- [Work request]: Would you copy exactly the lines in the data below from the one that has "PEFCR明確了產品生命周期" through the one that has "Puzzle Kapelusz, Kotek, Słoneczniki", dropping any pictures?

- [Extracted records]:
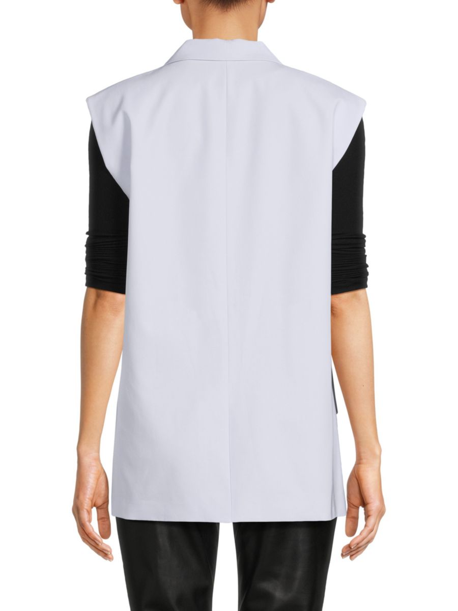 Блейзер без рукавов Theory, сшитый из хлопкового твила, имеет свободный, квадратный крой. Классический крой с лацканами и боковыми карманами с клапанами.
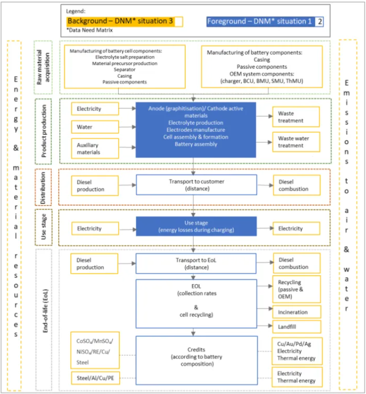 PEFCR明確了產品生命周期的各個階段,包括原材料獲取、電池生產、產品分發、使用階段以及生命周期結束的處理。這一全面的生命周期評估方法有助于深入理解電池產品對環境的全面影響。
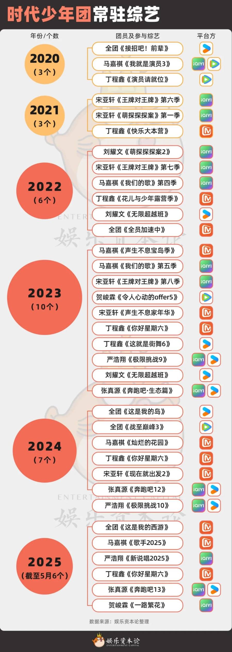 在出道的前两年,时代少年团综艺数量还不显眼,每年只有3个左右的常驻综艺。
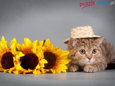 Puzzle Kapelusz, Kotek, Słoneczniki
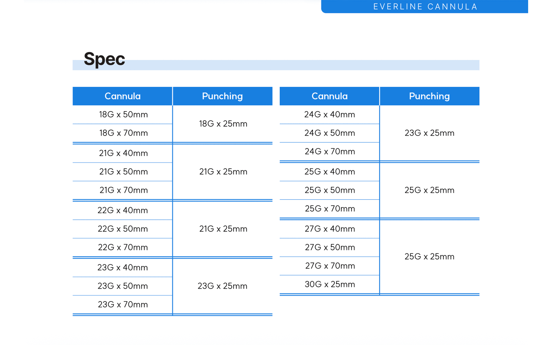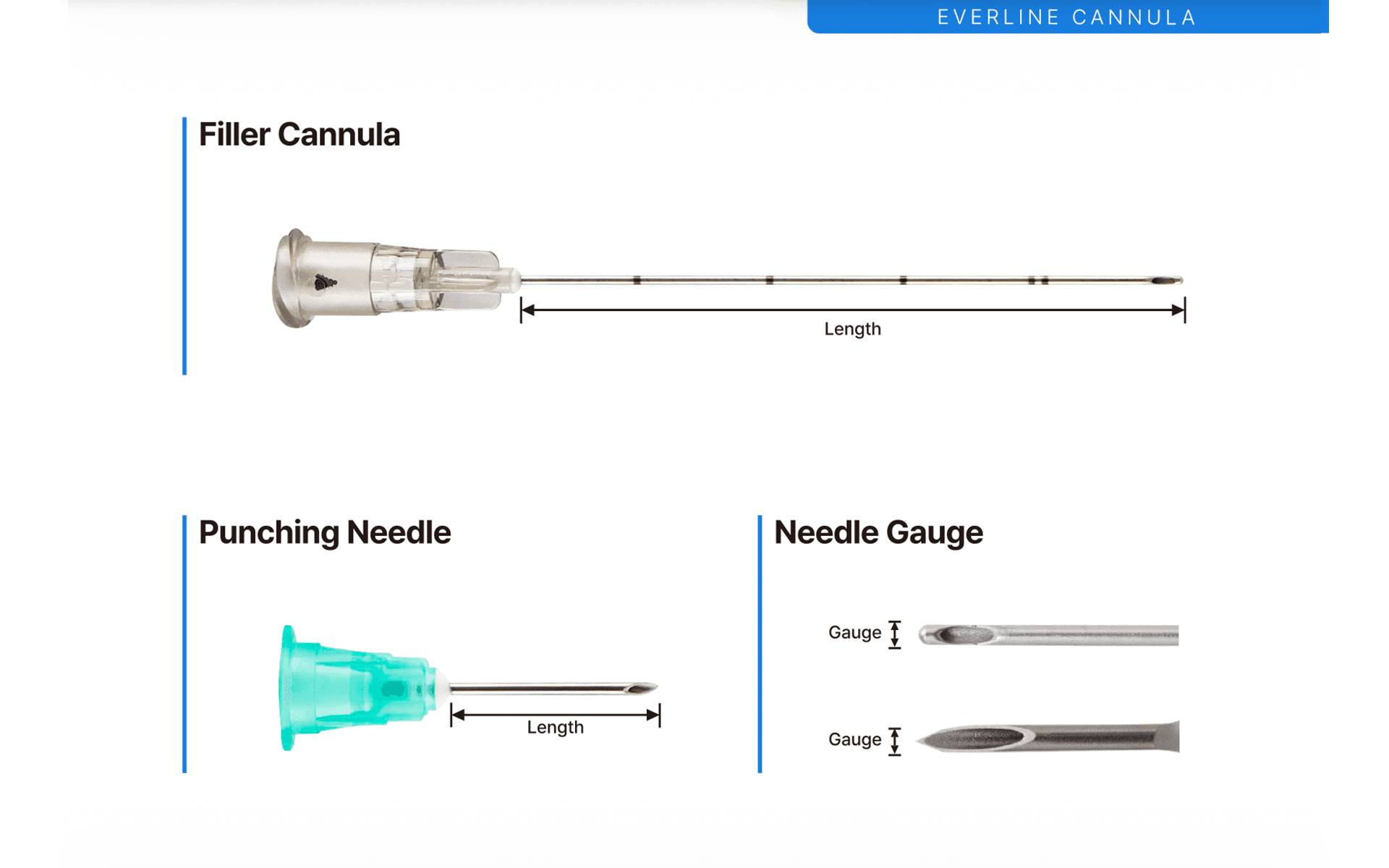 Full Range Cannula & Needle Configuration EVERLINE Cannula is offered in a wide range of specifications and configurations to accommodate diverse treatment environments. It is available in multiple gauges from 18G to 30G and lengths ranging from 25 mm to over 70 mm, enabling precise selection based on treatment area and clinical objectives. The system includes punching needles optimized for each gauge, supporting a consistent workflow from preparation to injection. Its handle and hub design ensure secure attachment to the syringe, allowing stable and controlled manipulation during procedures. This comprehensive configuration establishes a full-range injection system optimized for a wide range of filler treatments.

- [Answer to this task]:
 PEFCR明確了產品生命周期的各個階段,包括原材料獲取、電池生產、產品分發、使用階段以及生命周期結束的處理。這一全面的生命周期評估方法有助于深入理解電池產品對環境的全面影響。
 在出道的前两年,时代少年团综艺数量还不显眼,每年只有3个左右的常驻综艺。
 Puzzle Kapelusz, Kotek, Słoneczniki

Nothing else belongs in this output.